Oil Steadies as Bullish IEA Balances China Slide

Oil prices steadied on Wednesday after a weaker dollar and an upbeat report from the IEA balanced the bearish impact of a further weakening of China's yuan currency and disappointing Chinese industrial data.

The yuan hit a four-year low after China allowed it to slide further following a mini-devaluation on Tuesday to support the slowing Chinese economy, where industrial output grew less than expected in July.

The dollar fell more than 1 percent against a basket of other currencies <.DXY> on Wednesday, pulled down by doubts over whether the U.S. Federal Reserve will raise interest rates given China's devaluation.

China is the world's biggest oil consumer after the United States and a weaker yuan erodes Chinese purchasing power for dollar-denominated imports, potentially reducing demand.

But, while slowing demand from China has helped bring down oil prices at a time of oversupply by big producers in the Middle East, oil demand elsewhere is accelerating, the International Energy Agency (IEA) said on Wednesday.

The world oil market had begun to rebalance as low fuel prices stimulated extra consumption, it said.

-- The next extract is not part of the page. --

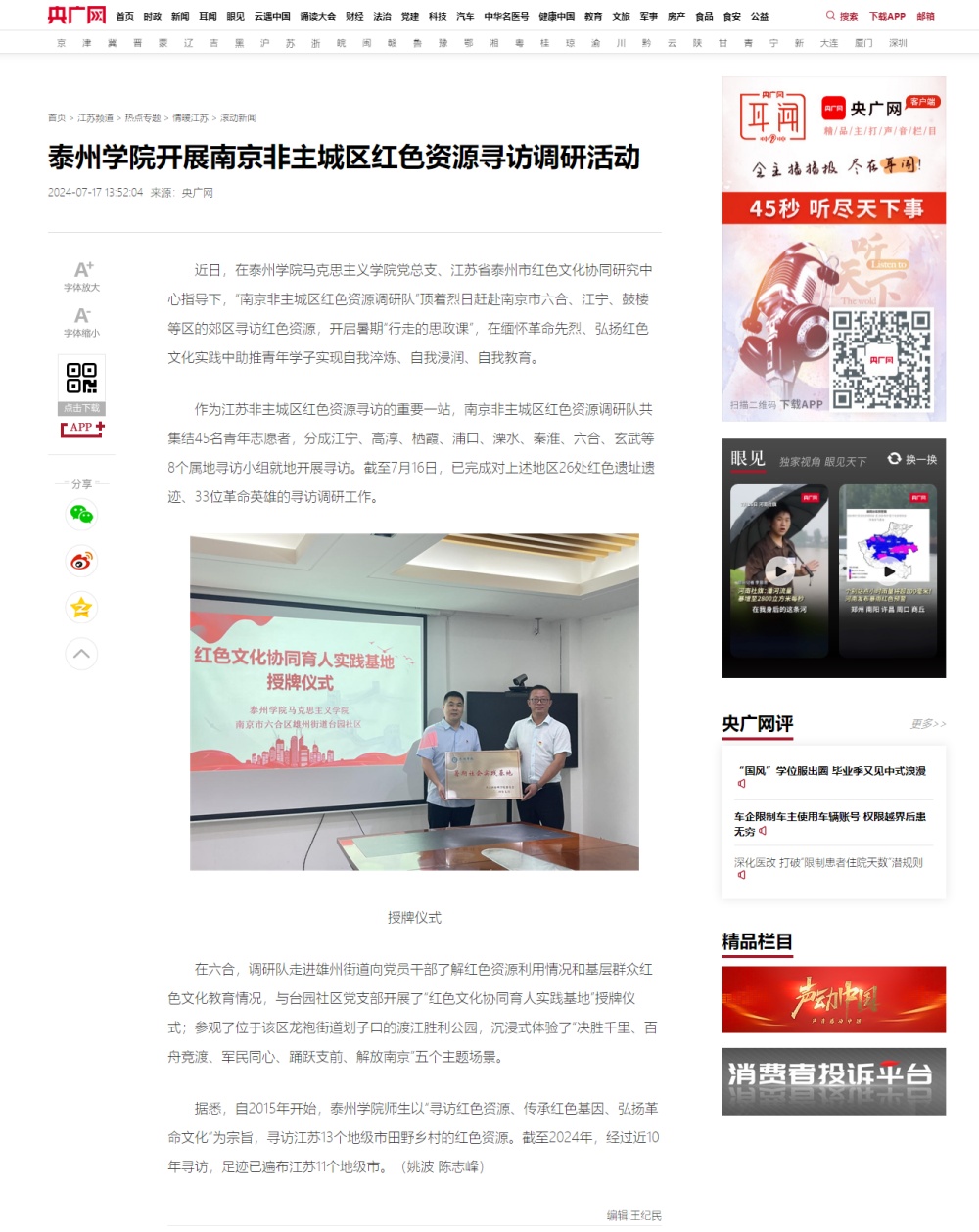 《央广网》2024年7月17日报道《Ky开元集团开展南京非主城区红色资源寻访调研活动》

"While a rebalancing has clearly begun, the process is likely to be prolonged as a supply overhang is expected to persist through 2016 - suggesting global inventories will pile up further," the Paris-based energy watchdog said.

Benchmark Brent crude oil <LCOc1> was up 40 cents a barrel at $49.58 by 1440 GMT, well above a six-month intraday low of $48.24 hit on Monday, but less than half its value a year ago.

U.S. light crude oil <CLc1> was up 20 cents at $43.28. On Tuesday the U.S. crude futures contract closed at its lowest settlement since March 2009.

Weekly inventory data from the U.S. Energy Information Administration (EIA) had minimal impact on prices, showing U.S. crude oil and gasoline stocks falling but distillate stocks rising sharply.

"Inventories were basically in line with expectations," said Tariq Zahir, managing member at Tyche Capital Advisors in Laurel Hollow in New York.

World oil production is running at up to 3 million barrels per day (bpd) above consumption, analysts say, increasing stockpiles in all continents and depressing spot markets for crude and oil products such as gasoline and jet fuel.

But sharp price falls are beginning to encourage demand. The IEA forecast world oil demand would grow by 1.6 million bpd this year, up 200,000 bpd from its previous estimate and "the fastest pace in five years".